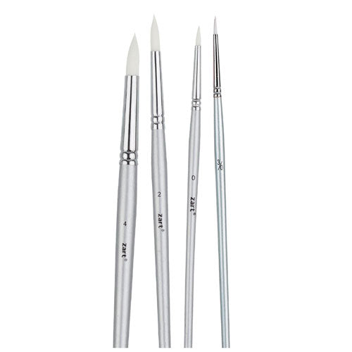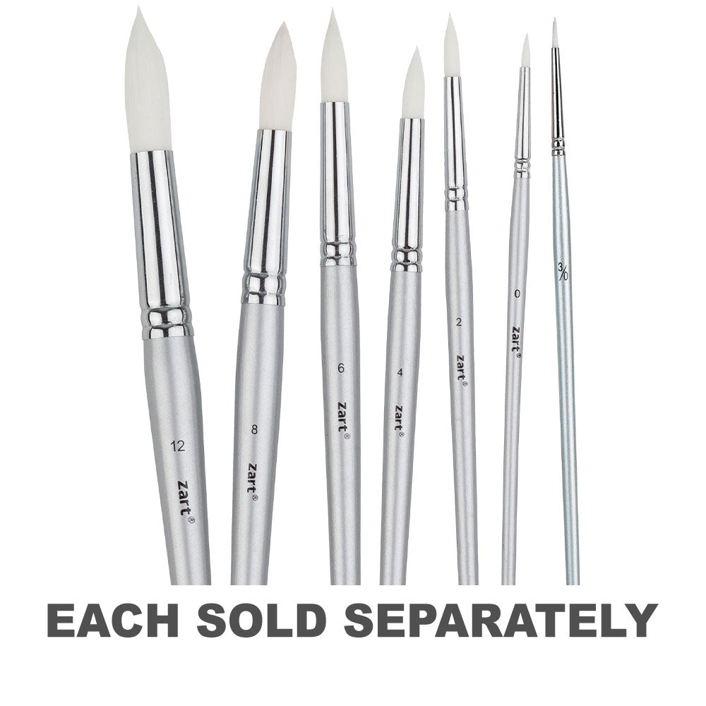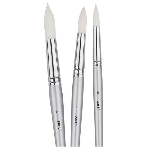 Student quality taklon round brushes with short tapered handles and a metal ferrule. They retain their shape, are durable and easy to clean. Best suited for acrylic, watercolour, gouache and craft paint.
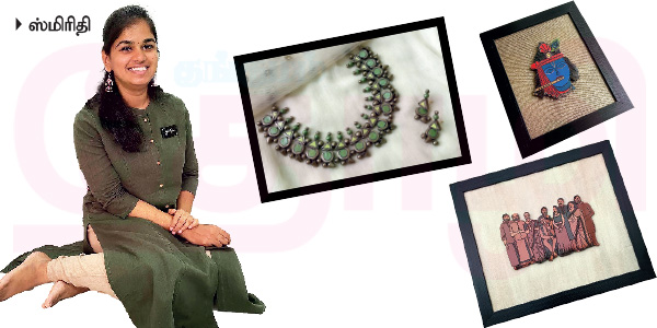 டெரகோட்டா நகைகள் மிகவும் இலகுவானது. நீண்ட நேரம் அணிந்திருந்தாலும் லேசான எடையுடன் அழகான தோற்றம் கொண்டவையாக இருக்கும்” எனும் ஸ்மிரிதி, கொரோனா கால ஊரடங்கின் போது டெரகோட்டா நகை தயாரிப்பில் ஈடுபட்டு, அந்த நேரத்தை பயனுள்ளதாக மாற்றிக் கொண்டார். “நான் ஒன்பதாம் வகுப்பு படிக்கும்போதிலிருந்தே எனக்கு டெரகோட்டா நகை தயாரிப்பில் ஆர்வம் ஏற்பட்டு, அதை கற்றுக்கொண்டேன். தொடர்ந்து நகை தயாரிப்பில் ஈடுபட்ட நான் படித்துக்கொண்டிருக்கும் போதே டெரகோட்டா நகைகளை தயாரித்து விற்பனை செய்யும் தொழிலை ஆன்லைன் மூலம் தொடங்கினேன். மக்களிடம் நல்ல வரவேற்பு கிடைத்தது. கொரோனா காலத்தில் டெரகோட்டா தயாரிப்பில் அதிக ஈடுபாட்டுடன் இருந்தேன். ஷிகா கிரியேஷன்ஸ் எனும் பிராண்டை தொடங்கி 9 வருடங்கள் ஆகிறது.
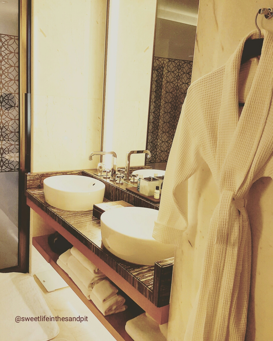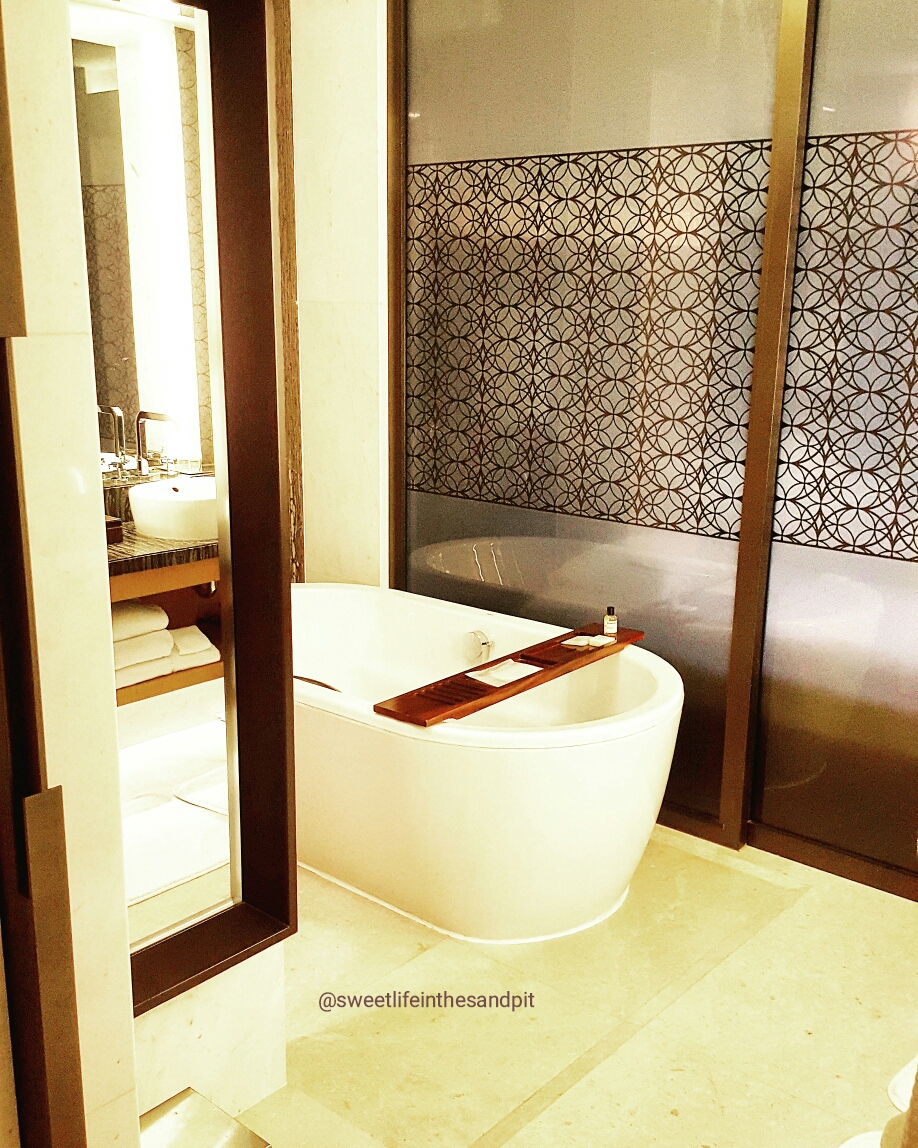 We went back to the pool area, so he could play in the toddler pool. We spent a good couple of hours by the pool, before heading back to the room to wash up, take a quick nap and pack up our stuff. Speaking of wash up– the bathtub is wonderful! I put Khalifa to bed and took a long bubble bath. The amenities they provide smell so great and I loved the bath salts! Make sure you make use of the bathtub during your stay.
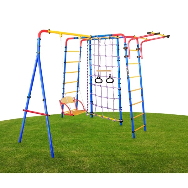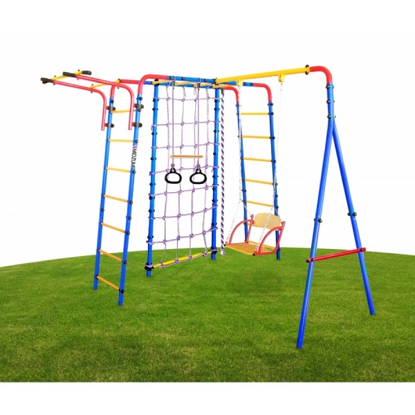 Многофункциональный комплекс Midzumi Suteki создает безопасные и удобные условия для активного отдыха и регулярных занятий спортом. Модель предназначена для уличного монтажа и рассчитана на детей разного возраста. Конструкция включает в себя две части. Первая состоит из металлического каркаса с качелями, а вторая предусматривается наличие двух металлических лестниц, которые соединены рукоходом, а на одной из лестниц закреплен канатный лаз. Помимо имеющейся комплектации можно добавить в спортивный комплекс канат и кольца гимнастические. Металлическая конструкция выдерживает вес до 100 кг. Качели подвешиваются на цепях, что обеспечивает высокий уровень безопасности. Монтаж детского комплекса происходит по технологии бетонирования опор. С помощью спортивного комплекса дети могут развивать силу и ловкость, тренировать выносливость, укреплять свое здоровье, приобщаться к спорту и активному образу жизни!

++++++

Exact transcription of the full listing above is required; images do not belong in it.

• _Solution for this problem_:
 Student quality taklon round brushes with short tapered handles and a metal ferrule. They retain their shape, are durable and easy to clean. Best suited for acrylic, watercolour, gouache and craft paint.
 டெரகோட்டா நகைகள் மிகவும் இலகுவானது. நீண்ட நேரம் அணிந்திருந்தாலும் லேசான எடையுடன் அழகான தோற்றம் கொண்டவையாக இருக்கும்” எனும் ஸ்மிரிதி, கொரோனா கால ஊரடங்கின் போது டெரகோட்டா நகை தயாரிப்பில் ஈடுபட்டு, அந்த நேரத்தை பயனுள்ளதாக மாற்றிக் கொண்டார். “நான் ஒன்பதாம் வகுப்பு படிக்கும்போதிலிருந்தே எனக்கு டெரகோட்டா நகை தயாரிப்பில் ஆர்வம் ஏற்பட்டு, அதை கற்றுக்கொண்டேன். தொடர்ந்து நகை தயாரிப்பில் ஈடுபட்ட நான் படித்துக்கொண்டிருக்கும் போதே டெரகோட்டா நகைகளை தயாரித்து விற்பனை செய்யும் தொழிலை ஆன்லைன் மூலம் தொடங்கினேன். மக்களிடம் நல்ல வரவேற்பு கிடைத்தது. கொரோனா காலத்தில் டெரகோட்டா தயாரிப்பில் அதிக ஈடுபாட்டுடன் இருந்தேன். ஷிகா கிரியேஷன்ஸ் எனும் பிராண்டை தொடங்கி 9 வருடங்கள் ஆகிறது.
 We went back to the pool area, so he could play in the toddler pool. We spent a good couple of hours by the pool, before heading back to the room to wash up, take a quick nap and pack up our stuff. Speaking of wash up– the bathtub is wonderful! I put Khalifa to bed and took a long bubble bath. The amenities they provide smell so great and I loved the bath salts! Make sure you make use of the bathtub during your stay.
 Многофункциональный комплекс Midzumi Suteki создает безопасные и удобные условия для активного отдыха и регулярных занятий спортом. Модель предназначена для уличного монтажа и рассчитана на детей разного возраста. Конструкция включает в себя две части. Первая состоит из металлического каркаса с качелями, а вторая предусматривается наличие двух металлических лестниц, которые соединены рукоходом, а на одной из лестниц закреплен канатный лаз. Помимо имеющейся комплектации можно добавить в спортивный комплекс канат и кольца гимнастические. Металлическая конструкция выдерживает вес до 100 кг. Качели подвешиваются на цепях, что обеспечивает высокий уровень безопасности. Монтаж детского комплекса происходит по технологии бетонирования опор. С помощью спортивного комплекса дети могут развивать силу и ловкость, тренировать выносливость, укреплять свое здоровье, приобщаться к спорту и активному образу жизни!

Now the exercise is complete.